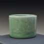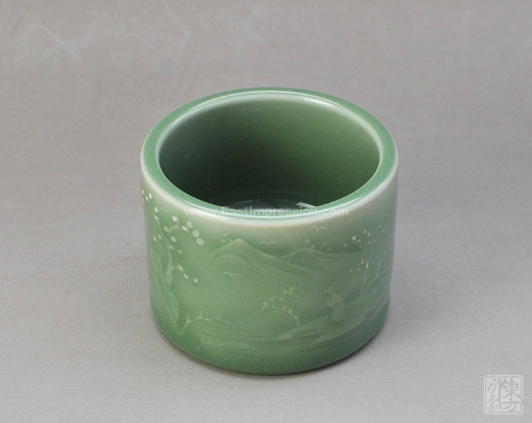 青瓷艺人向来追求“釉色如玉”,弟窑产品可谓达到了这样的艺术境界。老梅子青釉面莹润,犹如翡翠色泽,给人以沉静美好的视觉享受。直桶杯型,线条干净利落。杯壁刻画了一幅宁静致远的秋山水景致,秋山含水有清辉,秋叶落尽果满枝。一头戴斗笠之人,身形前倾,似在观游鱼,似在赏秋色,这份秋日寂寥里的悠然自得,正是小隐隐陵薮的写照。
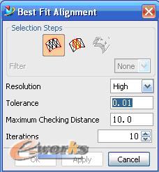 对齐操作又分为最佳逼近对齐(Best Fit Alignment,其对话框如图6所示)和点集与点集对齐(Point Set To Point Set Alignment)。最佳逼近对齐可以设置分辨率(Resolution)的高低。
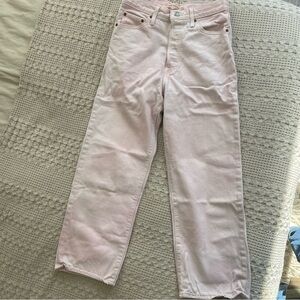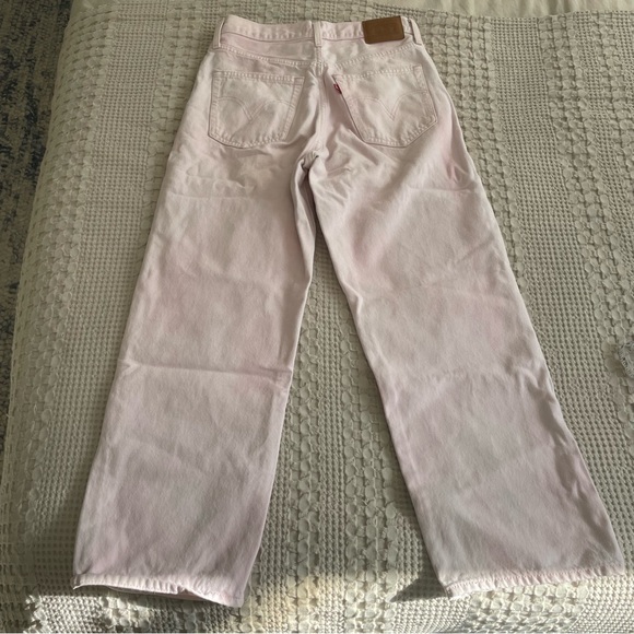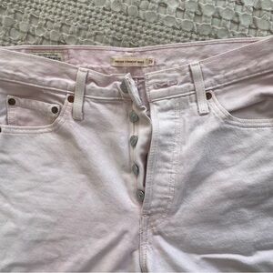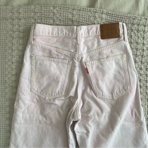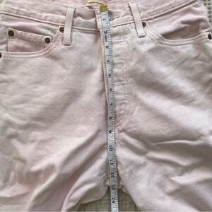 high waisted, light pink levi jeans! small mark on leg shown in pic. IMO these are smaller than a 29 so please see measurements. I listed as a 27, please see measurements!
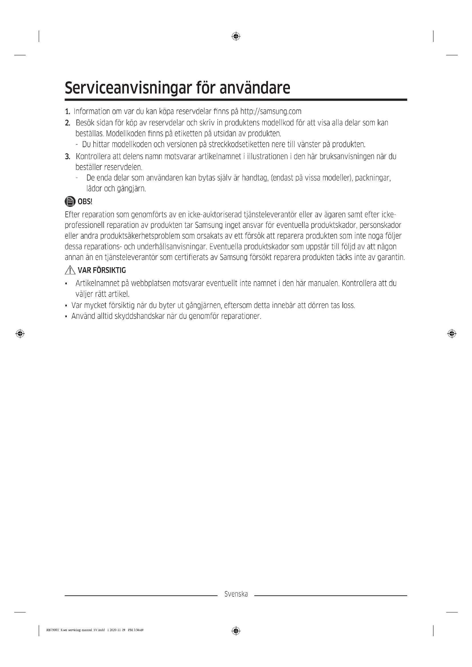beställer reservdelen. - De enda delar som användaren kan bytas själv är handtag, (endast på vissa modeller), packningar, lådor och gångjärn. OBS! Efter reparation som genomförts av en icke-auktoriserad tjänsteleverantör eller av ägaren samt efter icke- professionell reparation av produkten tar Samsung inget ansvar för eventuella produktskador, personskador eller andra produktsäkerhetsproblem som orsakats av ett försök att reparera produkten som inte noga följer dessa reparations- och underhållsanvisningar. Eventuella produktskador som uppstår till följd av att någon annan än en tjänsteleverantör som certierats av Samsung försökt reparera produkten täcks inte av garantin.
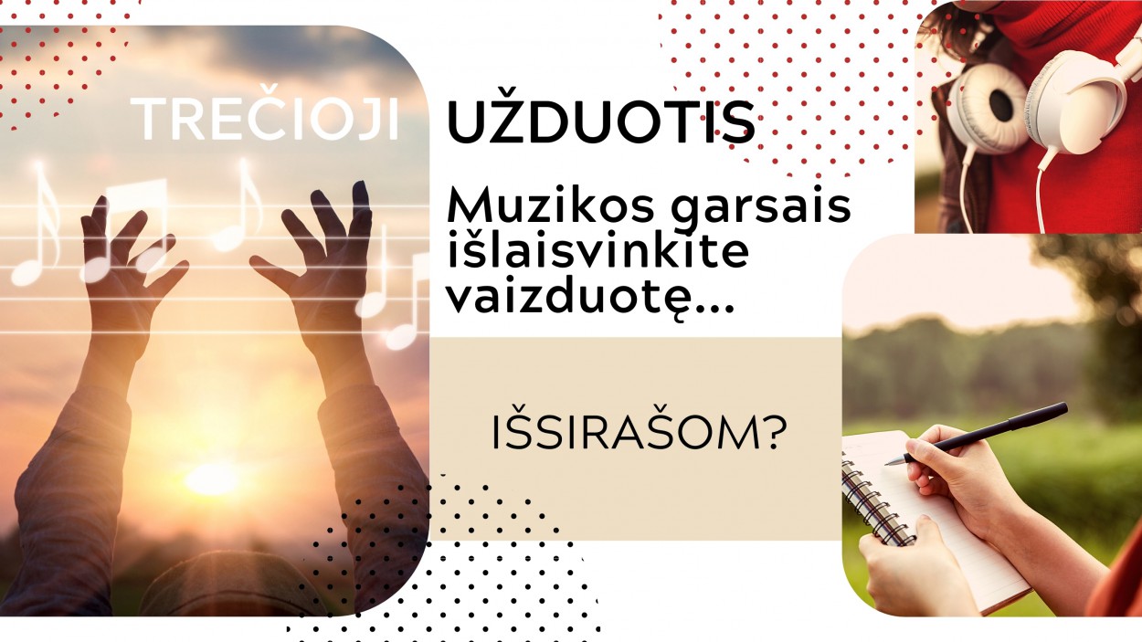 Muzikos garsais išlaisvinkite vaizduotę. Pirmiausia užsimerkite ir leiskite sau įsiklausyti į muziką (Sigur Rós – Sæglópur kūrinys). Leiskite sau smalsiai tyrinėti kokius vaizdinius, prisiminimus šie muzikos garsai sukelia, kaip kinta kūno pojūčiai, kokios temos iškyla. Pasibaigus muzikos kūriniui, leiskitės į rašymo ir vaizduotės kelionę. Tiesiog leiskite sau rašyti tai, kas rašosi. Jei norisi, galite tęsti pradėtus rašyti kūrinius antroje užduotyje. Svarbu, kad rašytumėte lengvai ir su pasimėgavimo paskoniu.
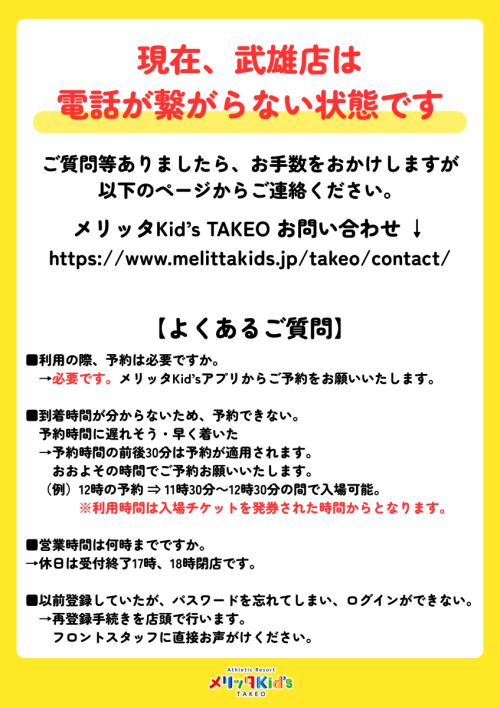 2026年2月8日現在、メリッタKid’s TAKEOは不具合により電話が繋がらない状態です。
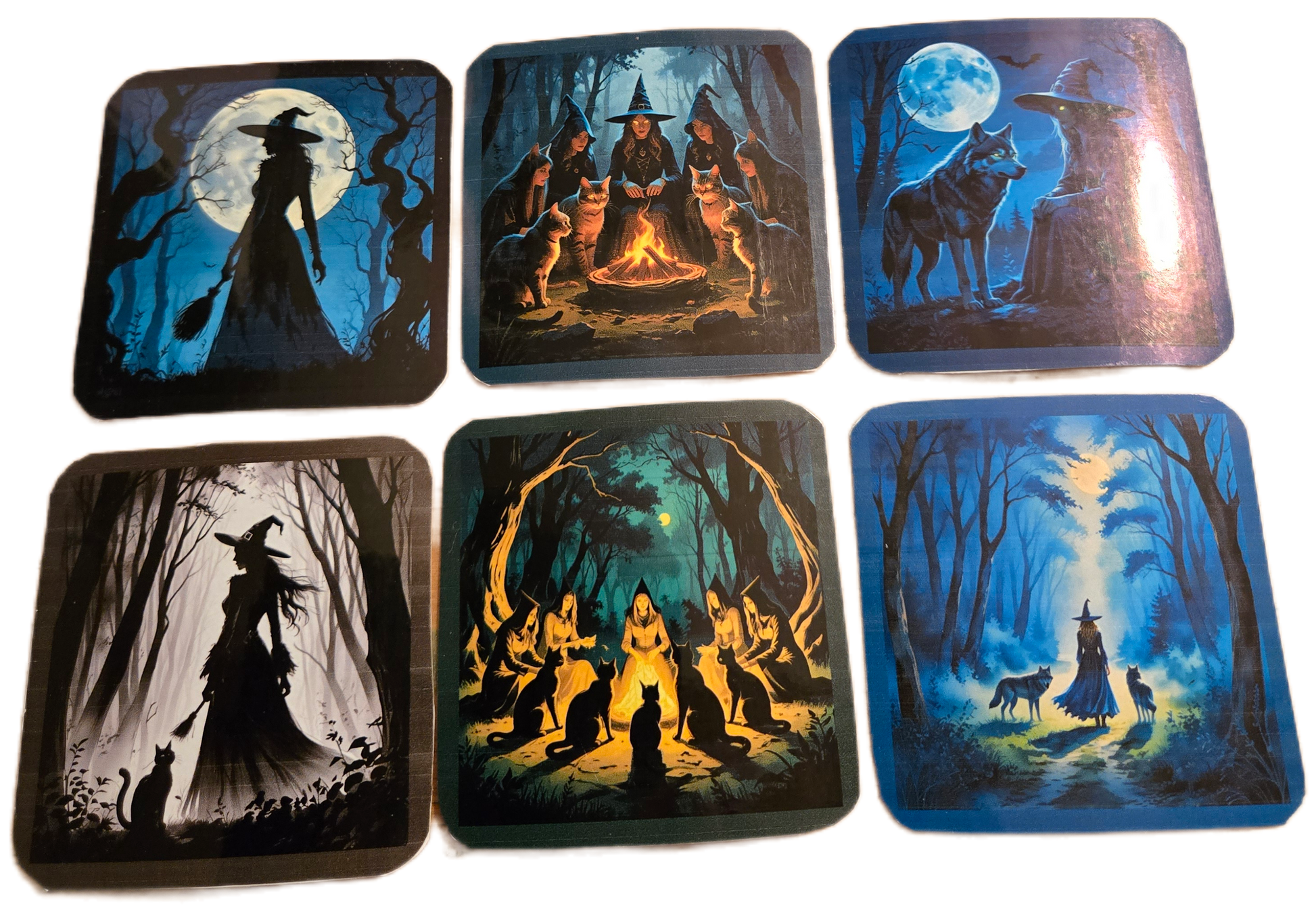 Style: Dark witchy ritual scenes, each sticker a mini piece of art

• [Exercise]:
From the first line of the entries down to the line with "beställer reservdelen. - De", print each line exactly; omit any picture.

• [Answer area]:
 青瓷艺人向来追求“釉色如玉”,弟窑产品可谓达到了这样的艺术境界。老梅子青釉面莹润,犹如翡翠色泽,给人以沉静美好的视觉享受。直桶杯型,线条干净利落。杯壁刻画了一幅宁静致远的秋山水景致,秋山含水有清辉,秋叶落尽果满枝。一头戴斗笠之人,身形前倾,似在观游鱼,似在赏秋色,这份秋日寂寥里的悠然自得,正是小隐隐陵薮的写照。
 对齐操作又分为最佳逼近对齐(Best Fit Alignment,其对话框如图6所示)和点集与点集对齐(Point Set To Point Set Alignment)。最佳逼近对齐可以设置分辨率(Resolution)的高低。
 high waisted, light pink levi jeans! small mark on leg shown in pic. IMO these are smaller than a 29 so please see measurements. I listed as a 27, please see measurements!
beställer reservdelen. - De enda delar som användaren kan bytas själv är handtag, (endast på vissa modeller), packningar, lådor och gångjärn. OBS! Efter reparation som genomförts av en icke-auktoriserad tjänsteleverantör eller av ägaren samt efter icke- professionell reparation av produkten tar Samsung inget ansvar för eventuella produktskador, personskador eller andra produktsäkerhetsproblem som orsakats av ett försök att reparera produkten som inte noga följer dessa reparations- och underhållsanvisningar. Eventuella produktskador som uppstår till följd av att någon annan än en tjänsteleverantör som certierats av Samsung försökt reparera produkten täcks inte av garantin.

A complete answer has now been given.